From:     Stephen Leibowitz
Subject: Opposition to Amendment in S.2256
Date:      November 13, 2005

Dear Senator Nuciforo:

I am writing to express my opposition to an amendment adopted as Section 4 of the proposed Commonwealth Investment Act, S. 2256. The amendment is titled, “Commonwealth Information Technology Task Force.”

The amendment has nothing to do with the stated purpose of the bill, which is the stimulus of the Massachusetts economy. As a matter of good government, it should be either a separate bill or a part of other legislation pertaining to government computer usage.

The real purpose of the amendment is to derail an initiative by the Commonwealth’s Information Technology Division. That initiative calls for the Commonwealth’s electronic documents to be stored in open formats, such as Open Document and Acrobat (PDF). I support the initiative.

In contrast, the new proprietary format of Microsoft that it plans to use in the next version of its MS Office software is closed. Insufficient published specifications and legal encumbrances by Microsoft are designed to prevent competing software from using Microsoft’s new proprietary format. The effect is that once people start using Microsoft’s new format, they are locked into using Microsoft’s software. The Massachusetts state government would be locked in, for example. And if the government distributed electronic documents to its citizens in Microsoft’s new format, the citizens would also need Microsoft software.

Open formats should not be confused with open source software. Microsoft could open their new format without open sourcing their MS Office software. And Microsoft’s format contains little or no technical innovation, a point that European antitrust officials have also made. Microsoft could innovate, and compete fairly, with a closed-source implementation of an open format.

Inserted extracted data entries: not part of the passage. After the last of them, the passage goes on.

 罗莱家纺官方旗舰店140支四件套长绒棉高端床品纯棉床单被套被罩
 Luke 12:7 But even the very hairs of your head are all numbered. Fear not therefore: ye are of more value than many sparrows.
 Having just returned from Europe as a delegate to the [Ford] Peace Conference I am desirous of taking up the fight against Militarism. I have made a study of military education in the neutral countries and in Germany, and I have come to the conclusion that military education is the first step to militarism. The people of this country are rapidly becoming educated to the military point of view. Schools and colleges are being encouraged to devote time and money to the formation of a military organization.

Microsoft could easily add support for the Open Document format to its next version of MS Office. Microsoft could do this either in place of, or in addition to, their new format. The development costs for this would be small. When Microsoft had a less strong position in the office productivity software market, it implemented many formats in MS Office that originated outside Microsoft. And many of these formats were more difficult to implement than Open Document, because of their closed nature or other factors.

Microsoft and their supporters have pointed out that some accessibility software for people with disabilities works with Microsoft’s MS Office, but do not currently work with software packages, such as OpenOffice, that implement the Open Document format. This is a very recent criticism. It was not raised during a long Massachusetts study of electronic document formats, which involved much public input, including Microsoft’s. But accessibility is a valid concern, and developers of Open Document and its implementations have rocketed accessibility work to the top of their priority list.

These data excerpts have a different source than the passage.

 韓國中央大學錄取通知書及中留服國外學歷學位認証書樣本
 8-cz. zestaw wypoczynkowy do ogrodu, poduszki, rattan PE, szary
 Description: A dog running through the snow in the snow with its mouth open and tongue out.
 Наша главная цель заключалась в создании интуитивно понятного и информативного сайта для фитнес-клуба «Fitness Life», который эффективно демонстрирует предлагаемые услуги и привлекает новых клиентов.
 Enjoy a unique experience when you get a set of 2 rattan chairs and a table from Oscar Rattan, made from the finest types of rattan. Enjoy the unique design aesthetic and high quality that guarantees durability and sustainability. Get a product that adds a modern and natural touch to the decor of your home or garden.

In response to the accessibility concerns, the management of the Information Technology Division has made it clear that they are willing to delay or otherwise adjust the initiative to preserve accessibility. Over the years, they have managed a sizable computer operation in a reasonable manner. They have done this without being saddled with the layer of bureaucracy that the Senate amendment would add. It is legitimate for the legislature to monitor the situation, but a “no-confidence” amendment is not warranted.